In the landscape of proteins controlled by membrane voltage (V_m), like voltage-gated ionotropic channels, the emergence of the voltage sensitivity within the vast family of G-protein coupled receptors (GPCRs) marked a significant milestone at the onset of the 21st century. Since its discovery, extensive research has been devoted to understanding the intricate relationship between V_m and GPCRs. Approximately 30 GPCRs out of a family comprising more than 800 receptors have been implicated in V_m-dependent positive and negative regulation. GPCRs stand out as the quintessential regulators of synaptic transmission in neurons, where they encounter substantial variations in V_m.

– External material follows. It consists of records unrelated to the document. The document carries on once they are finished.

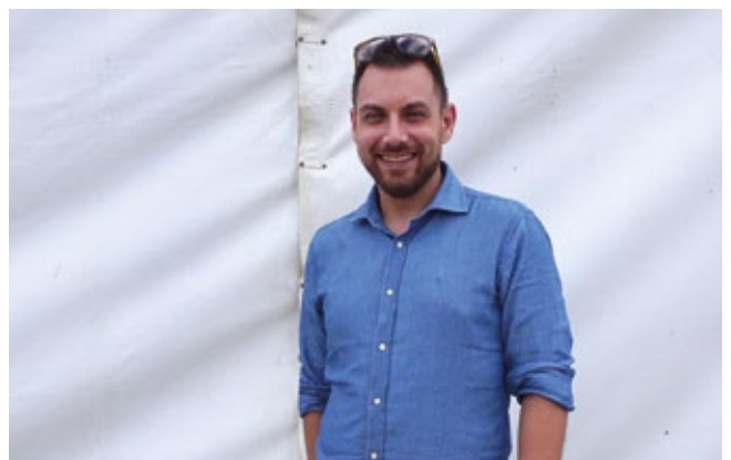
WRL SHIPPING SPAIN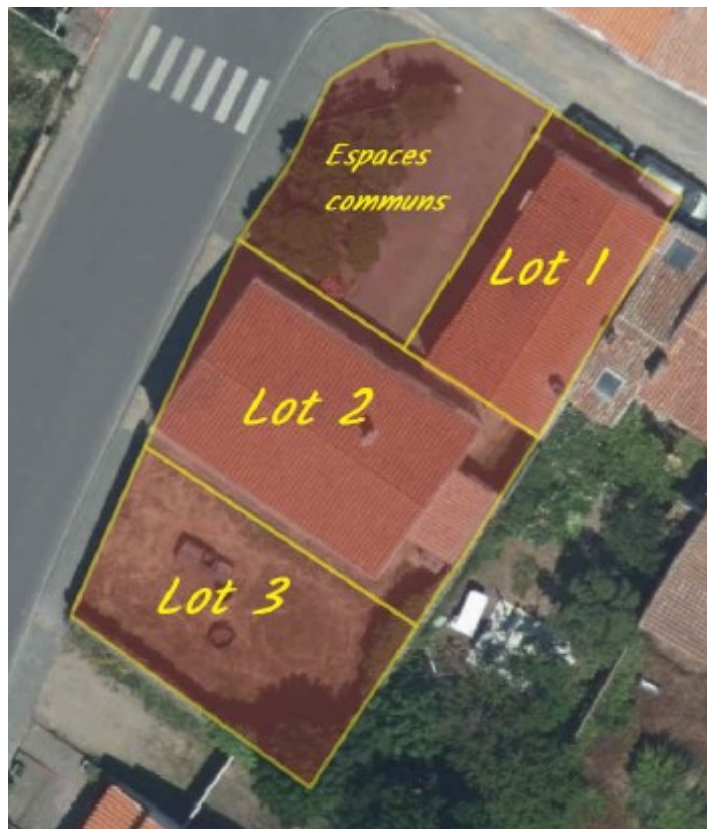
Plan des lots commercialisés

Il était aussi décidé que les espaces communs seraient partagés en fonction des attentes/besoins des candidats retenus.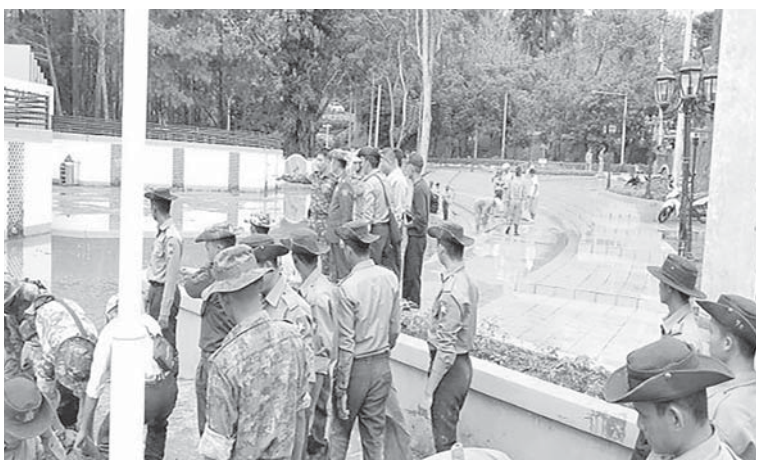
တပ်မတော်သားများ၊ မြန်မာနိုင်ငံရဲတပ်ဖွဲ့ဝင်များ၊ မီးသတ်တပ်ဖွဲ့ဝင်များ၊ ကြက်ခြေနီတပ်ဖွဲ့ဝင်များ၊ လူမှုဝန်ထမ်းကယ်ဆယ်ရေးအဖွဲ့များက ကလေးမြို့ မောမြေဦးပန်းခြံ၌ ရေကျဆင်းသွားသဖြင့် တင်ကျန်ခဲ့သော နန်းမြေများ၊ အမှိုက်သရိုက်များအား ဖယ်ရှားရှင်းလင်းပေးစဉ်။

များနှင့်ပူးပေါင်း၍ တက်ကြွစွာဆောင်ရွက်ပေးလျက်ရှိသည်။ ထို့ပြင် ယာယီရေဘေးရှောင်စခန်းများတွင် ရေဘေးသင့်ပြည်သူများအား ကျန်းမာရေးအဖွဲ့များက လိုအပ်သည့်ကျန်းမာရေးစောင့်ရှောက်မှုလုပ်ငန်းများနှင့် ကျန်းမာရေးအသိပညာပေး ဟောပြောဆွေးနွေးခြင်းများ ဆောင်ရွက်ပေးပြီး ထောက်ပံ့ပစ္စည်းများ၊ အဝတ်အထည်များ၊ အသုံးအဆောင်ပစ္စည်းများ၊ စားသောက်ဖွယ်ရာများနှင့် အလှူငွေများကို အားတက်သရောပေးအပ်လှူဒါန်းလျက်ရှိသည်။ ထိုသို့ဆောင်ရွက်နေမှုများကို နေပြည်တော်ကောင်စီဥက္ကဋ္ဌ၊ သက်ဆိုင်ရာတိုင်းဒေသကြီးနှင့် ပြည်နယ်ဝန်ကြီးချုပ်များနှင့်တာဝန်ရှိသူများက သွားရောက်ကြည့်ရှုအားပေးပြီး လိုအပ်သည်များ ပေါင်းစပ်ညှိနှိုင်းဆောင်ရွက်ပေးကာ စားသောက်ဖွယ်ရာများ၊ ထောက်ပံ့ရေးပစ္စည်းများ ပေးအပ်သည်။ ၎င်းအပြင် ရေကြီးမှုကြောင့် ပျက်စီးမှုများဖြစ်ပေါ်ခဲ့သည့် လမ်း/တံတားများကိုလည်း လမ်းပန်းဆက်သွယ်ရေးအမြန်ပြန်လည်ကောင်းမွန်စေရန်အတွက်ကြိုးပမ်းဆောင်ရွက်လျက်ရှိရာ ပျက်စီးခဲ့သည့် လမ်း/တံတားများကိုလည်း ယာယီသံပေါင်ဘောလီတံတားများအစားထိုး၍ အမြန်ဆုံးပြန်လည်ပြင်ဆင် ဆောင်ရွက်ပေးလျက်ရှိ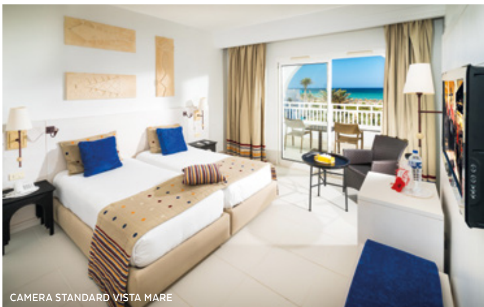
CAMERA STANDARD VISTA MARE

Le 316 camere sono tutte dotate di veranda o balcone, servizi privati con doccia, asciugacapelli, letto matrimoniale o letti separati, aria condizionata (dal 15 giugno al 15 settembre), Tv, cassetta di sicurezza, telefono; minibar a pagamento. Disponibili all'interno del resort camere denominate Bungalow Family dotate di più ampia metratura e composte di 2 ambienti (non separati). Corrente a 220 volt con prese a due poli.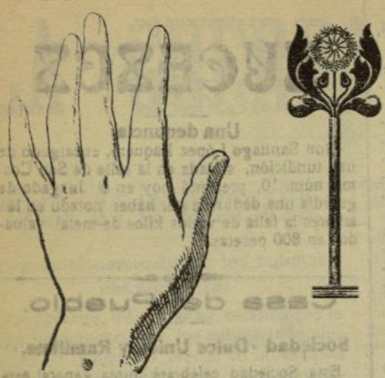
Mano que se lava con este jabón.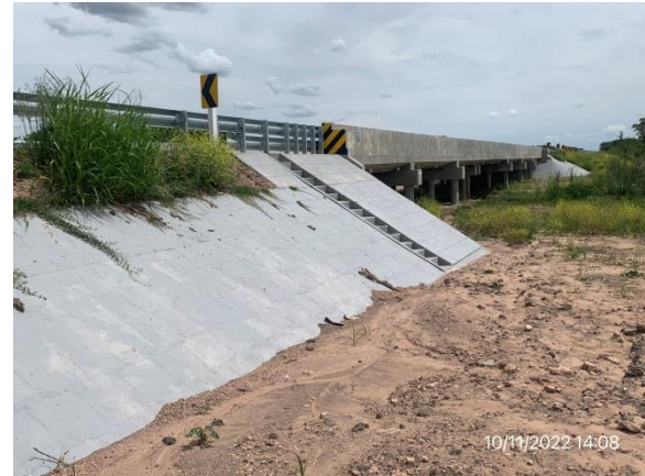
Ilustración 11 – P01, Puente sobre A° Totoral. Planicie de inundación restaurada y libre de ROCs u otros residuos.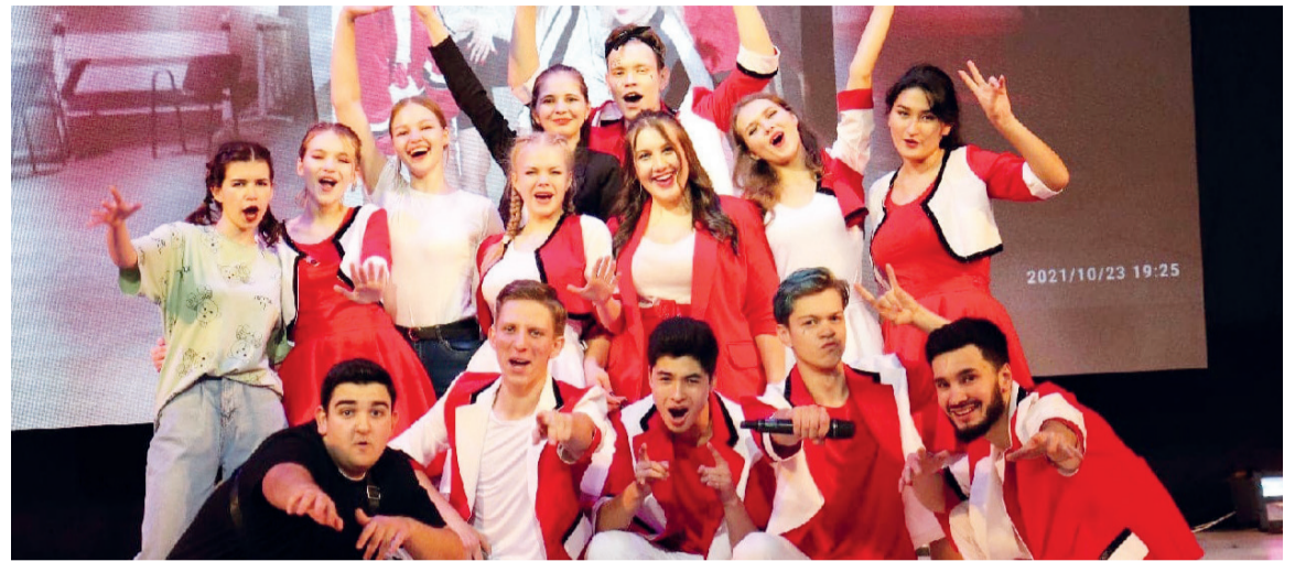
↑ Финал студенческого праздника "Первый шаг"

Культурный центр СибГИУ... Конечно, это особое место, которое живет атмосферой творчества и вдохновения. В КЦ много мест, где активисты могут отдохнуть. Это может быть мраморный зал, наполненный теплом и светом солнечных лучей. Или большой концертный зал, где можно уединиться со своими мыслями. Кому-то из ребят нравится приходить по расписанию в танцклассы, потому что в них царит атмосфера репетиций и сосредоточенности.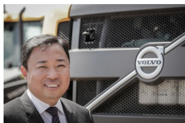
Diretor de marketing da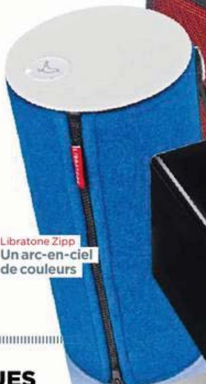
Libratone Zipp Un arc-en-ciel de couleurs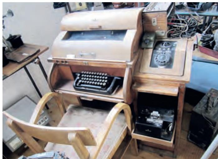
Телекс преко кога су стизали текстови за новине

– Био ми је неопходан новац за алат да поставим радионицу на ноге, тек сам 1980. године потписао уговор са „Бошом”, док је он сваки динар улагао у своју пасију – признаје наш саговорник, који је наставио породичну традицију механичарског заната, ону коју је деда започео тридесетих година прошлог века. Није било лако, али породица Жеравица је несумњиво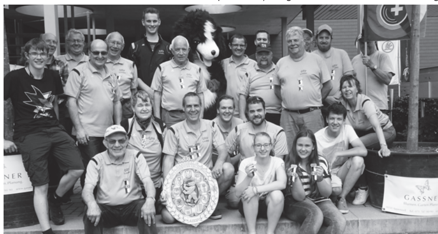
Die Lindauer Schützengruppe mit «Maskottchen» Sennenhund.

durch die Hauptgasse in Appenzell zu schlendern oder einen Jass im Festzentrum zu klopfen. Von allen Seiten wurde bestätigt, dass alles, d.h. von A (wie A-Scheibe) bis Z (wie Zielwasser) vorbildlich organisiert war. Auch wenn nicht alle ihr persönliches Ziel erreichten, war es ein toller Tag. Schade nur, dass jeder tolle Tag einmal zu Ende geht.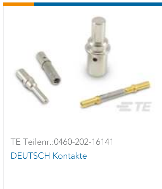
TE Teilnr.:0460-202-16141 DEUTSCH Kontakte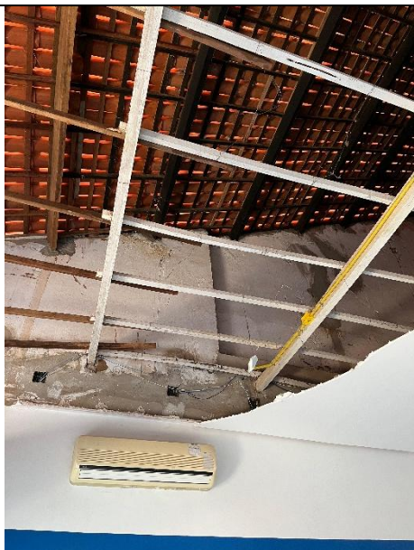
DEMOLIÇÃO DE FORRO DE GESSO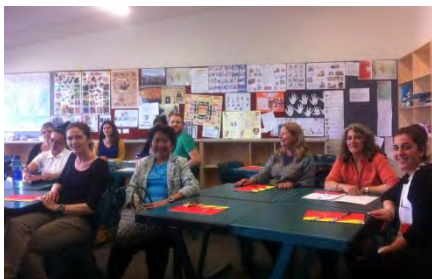
Profesores de Christchurch

Durante la segunda quincena del mes de octubre, la Consejería de Educación, en colaboración con ILEP y la Universidad de Canterbury, organizó dos actividades de formación para profesores de español.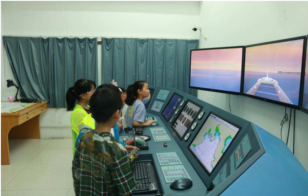
图 5-1 滨海区蓝海小学在我校青少年航海基地参观学习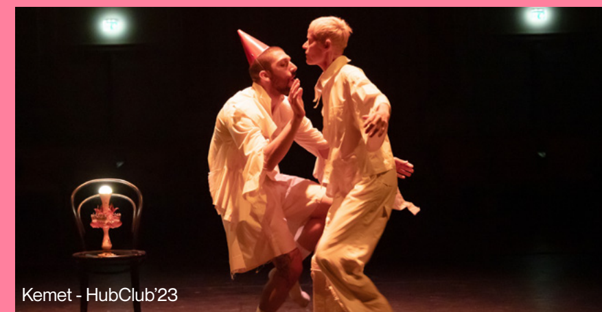
Kemet - HubClub'23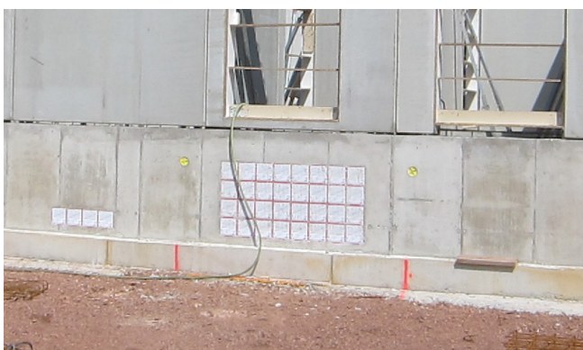
A köteges elrendezésű HSI150 az optimális megoldás a kábelbevezetésre. Ezáltal nagy elhelyezési sűrűség valósítható meg minimális helyszükséglettel.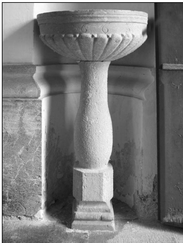
Kropilnik s školjkasto skodelo iz leta 1663.

gornji zidec. Streha je bila strma, prvotno verjetno krita s skodlami, kasneje morda že z opečno kritino.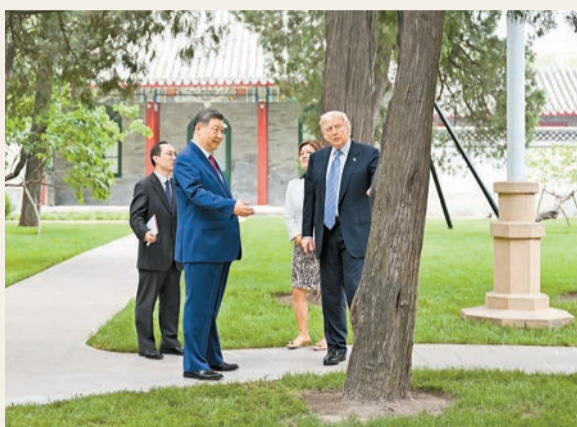
特朗普昨早抵達中南海時，習近平熱情迎接。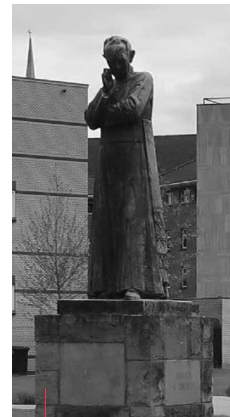
Ariëns monument Enschede 1934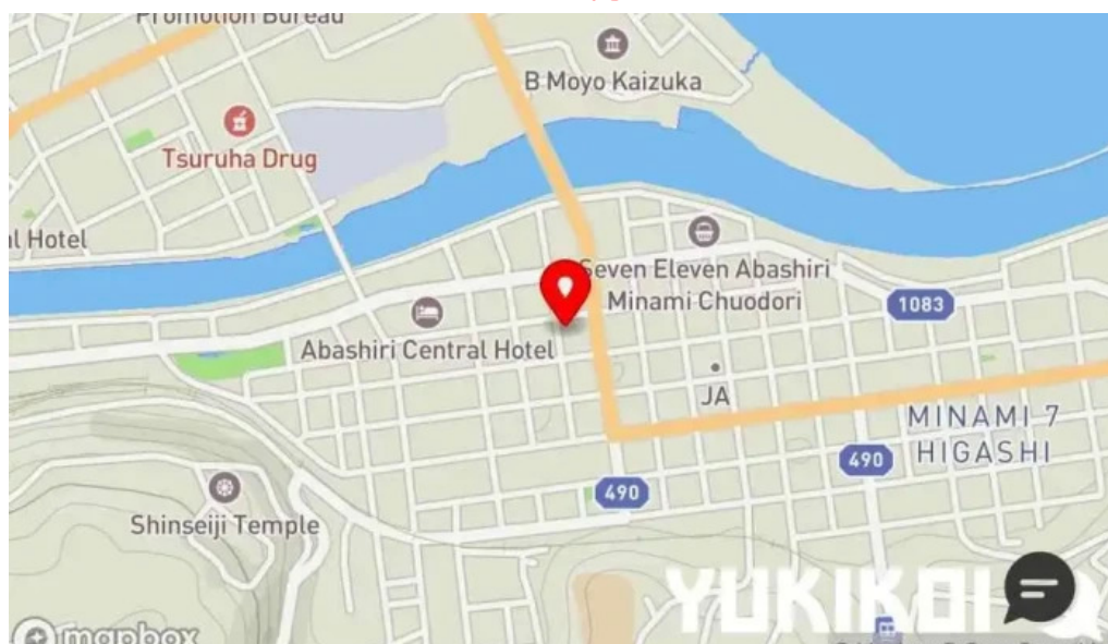
炭火ダイニング 輪地図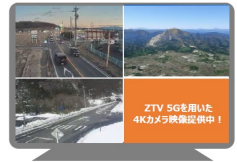
コミュニティチャンネル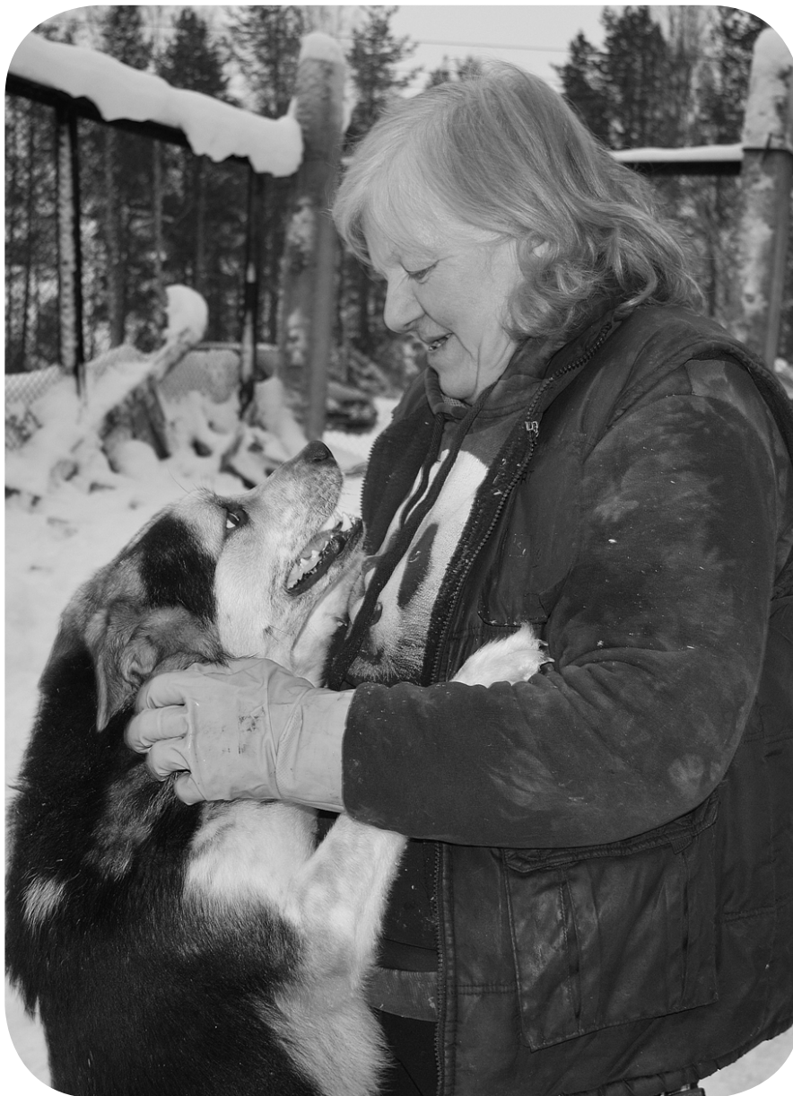
«Птичка» приютила 80 питомцев

Содержится в приюте около 250-280 собак. В последние два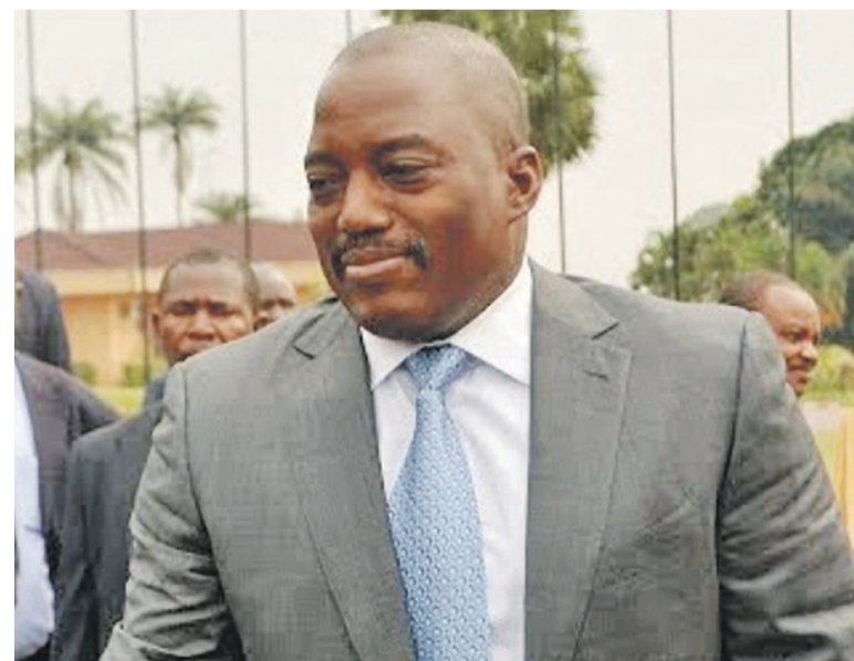
Joseph Kabila Kabange

Se faisant l'arbitre d'une crise provoquée par son maintien au pouvoir, le chef de l'Etat congolais paraît détenir seul les clés du processus politique et démocratique dans son pays en se présentant comme l'unique rempart contre le chaos. Les querelles byzantines du Rassemblement de l'opposition dont les cadres se sont fourvoyés dans des luttes de positionnement lui ont donné des ailes. Son coup de force, c'est d'avoir réussi à infantiliser l'opposition au point que celle-ci semble avoir lâché la proie pour l'ombre qui n'est autre que la chasse aux postes. Tous ceux qui l'avaient sous-estimé en prenant son mutisme pour une faiblesse devront dorénavant se raviser et reconsidérer l'homme dans ses qualités et ses atouts. Celui à qui le Congo doit d'avoir tenu en 2006 ses premières élections libres depuis quarante ans paraît, plus que jamais, être l'homme de la situation.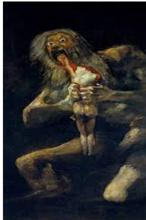
Illustration 6: Francisco de Goya, Saturne dévorant un de ses enfants , Peinture murale 146x83 cm, Musée du Prado, 1819-1823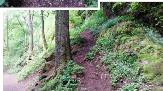
Kletterstelle (Bild oben) und Trampelpfad auf zum Teil sensiblen Böschungsbereichen mit starken Erosionsschäden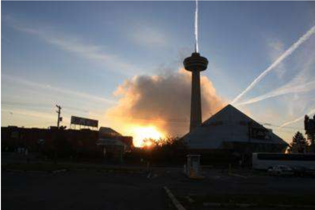
Niagara Falle - Gischtwolke in der Morgensonne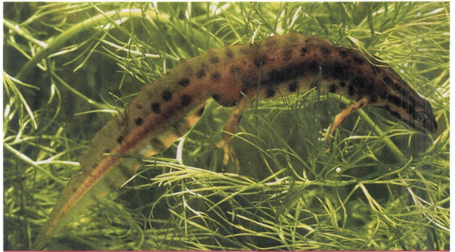
De kleine watersalamander is één van de soorten die vanaf 1 januari a.s. mag worden verstoord zonder dat daar vooraf een ontheffing voor is verkregen.

planten- en diersoorten zoveel mogelijk wordt voorkomen. Ook dan hoeft geen ontheffing te worden verkregen. Momenteel is de Unie van Waterschappen bezig met het opstellen van een dergelijke gedragscode. Enkele soorten die hierin genoemd kunnen worden, zijn de kleine modderkruiper, alpenwatersalamander, gevlekte orchis en rietorchis.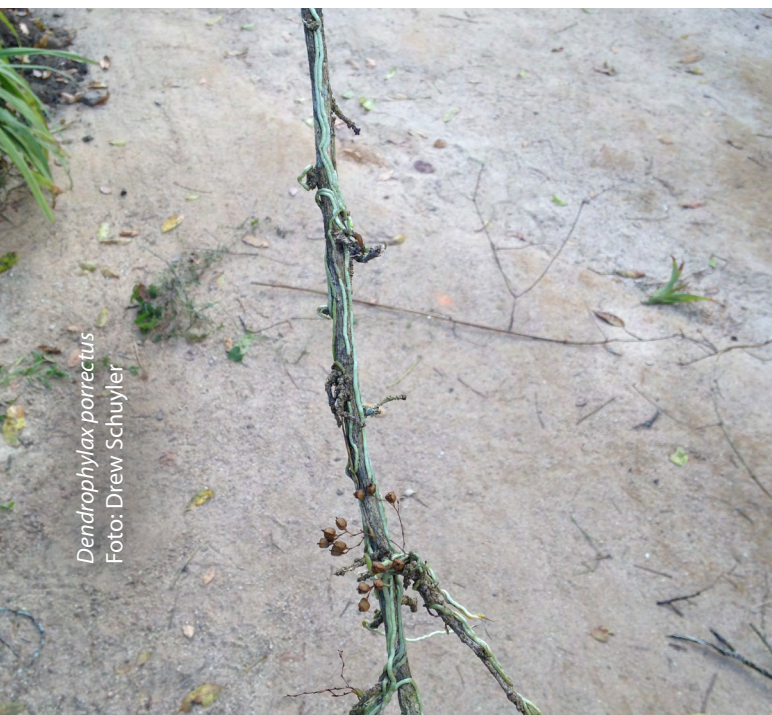
Dendrobylax porrectus

However, the molecular mechanism underlying the V_m sensor of GPCRs remains enigmatic, hindered by the scarcity of mutant GPCRs insensitive to V_m yet functionally intact, impeding a comprehensive understanding of this unique property in physiology. Nevertheless, two decades of dedicated research have furnished numerous insights into the molecular aspects of GPCR V_m-sensing, accompanied by recently proposed physiological roles as well as pharmacological potential, which we encapsulate in this review. The V_m sensitivity of GPCRs emerges as a pivotal attribute, shedding light on previously unforeseen roles in synaptic transmission and extending beyond, underscoring its significance in cellular signaling and physiological processes.